The woman I talked to informed me that I was the victim of wire fraud. After checking with a supervisor, she assured me that the bank would make good on this loss. The next day, I visited my local branch, closed my checking account and opened a new one.

This was just the beginning of my problems. While I was quickly issued a new ATM card, I would not get a new check book for three weeks. In the meanwhile, since I pay nearly all my bills through the bank’s ACH facility, I needed to get in touch with more than a dozen parties to switch my payments from my old account to my new one.

It would take many hours over many days to get through to all these folks. You know the drill: “All our agents are busy assisting other customers. Please stay on the line until the next available agent will assist you.”

That was the good news. But I still didn’t have a clue as to what had happened – and whether or not it might happen again. And when would I be getting my money back?

Each time I called Santander’s Consumer Fraud Department, the person I talked to seemed to be less competent and helpful than the previous person. Finally, I was told that someone allegedly named Morris Holmes had shown up at another Santander branch in Brooklyn and tried to get the missing $50,000. It was suggested that I go to that branch and ask them what might be going on. Silly me! I had thought that that was the bank’s job.

Eventually, I figured out that the Consumer Fraud Department was basically a call center, staffed by employees with limited skills and little authority.
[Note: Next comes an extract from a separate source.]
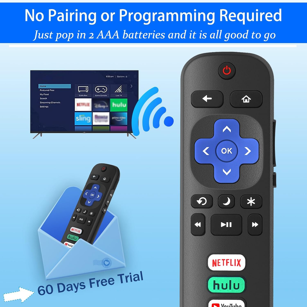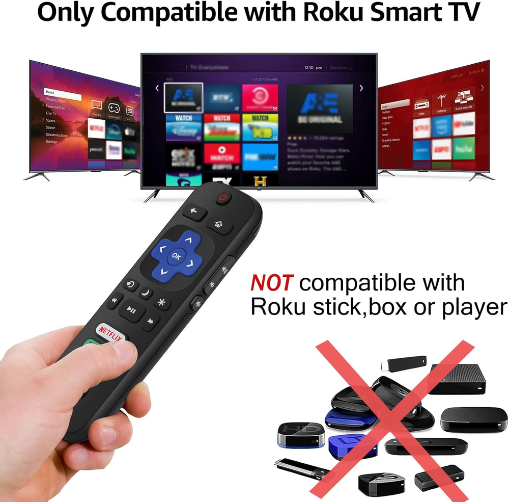 Compatible with : : Smart TV remote control by Gotellx, it compatible with all your Roku series smart TVs ( Compatible with TCL/Hisense/Onn/Sharp/Element/ Westinghouse/Philips/Insignia/JVC/RCA/Hitachi /Sanyo Roku samrt TVs. ) Please Note : : Gotellx IR remote control only compatible with Roku smart TV . It can NOT compatible with Roku Stick, Box, player or Speaker. ( NOT compatible with Roku Express/Express 4K+/Ultra/Streaming Stick 4K).Without voice function or headphone jack. No pairing or programming required : : Just pop in 2 AAA batteries and it i s all good to go. (Batteries are not included) 4 Preset Shortcut Buttons : : With 4 preset popular shortcut buttons on it , you can quickly jump to NETFLIX, hulu, YoutTube and to Disney+ APPs. Significantly elevate the entertainment of your TV time. 2 PACK : : 2 remote controls can make you no longer worry about not being able to find the remote control, and can also help you control multiple TVs more conveniently. Product Description

Even more upsetting, I was told repeatedly that there was no way I could escalate my case.

What was especially unsettling was neither getting to speak to the same person twice, nor having anyone updating me on my case. By comparison, even the New York State Department of Motor Vehicles and the Internal Revenue Service seemed paragons of courtesy and efficiency.

After making dozens of calls over four or five weeks, I finally reached a woman who identified herself as a Santander ombudswoman.  Before we spoke, she had managed to retrieve a transcript of my attempted communications with the people at the Consumer Fraud Department. She apologized for the poor treatment I had received. Within days, my $50,000 was finally restored to my account.
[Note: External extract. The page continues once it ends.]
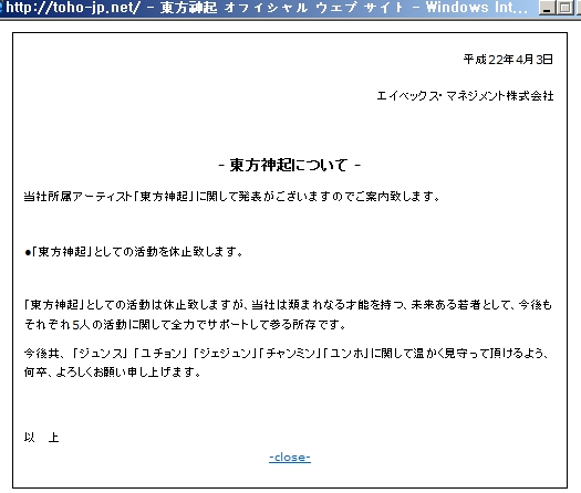 だが日本でも12月31日NHK ‘ホンベッカハプチョン’以後シングル,ベストアルバムなどの踊るところは他には五人が公式席上に出て活動したことはない。 これに今回のエイベックスの発表で東方新起は公式に五人電源の活動が中断された。

A week later, I received some very sage advice from an officer at my local Santander branch. He warned me that if I kept large sums of money in my checking account, the same thing could happen again. Why not just keep most of my excess funds in a money market account, where it would be much safer?

Think about that! In effect, he was giving me fair warning that the money in my checking account was not all that safe. I will certainly take him at his word.
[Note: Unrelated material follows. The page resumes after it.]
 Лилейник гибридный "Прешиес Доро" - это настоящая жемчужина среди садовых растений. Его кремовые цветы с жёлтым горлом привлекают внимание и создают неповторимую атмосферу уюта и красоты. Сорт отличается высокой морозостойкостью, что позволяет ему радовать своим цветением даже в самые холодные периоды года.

This still leaves us with the question: Who dun it? And how was it done?

As luck would have it, a close family member is one of our nation’s leading experts at money laundering, bank fraud, and other financial shenanigans. Another relative is a top officer at a major Midwestern bank. Both say that nearly all the perpetrators are either current or former employees of the victim’s bank.

So, that leaves us with one unanswered question: Is your money – particularly your checking deposits — safe at your bank? It certainly is – until it isn’t.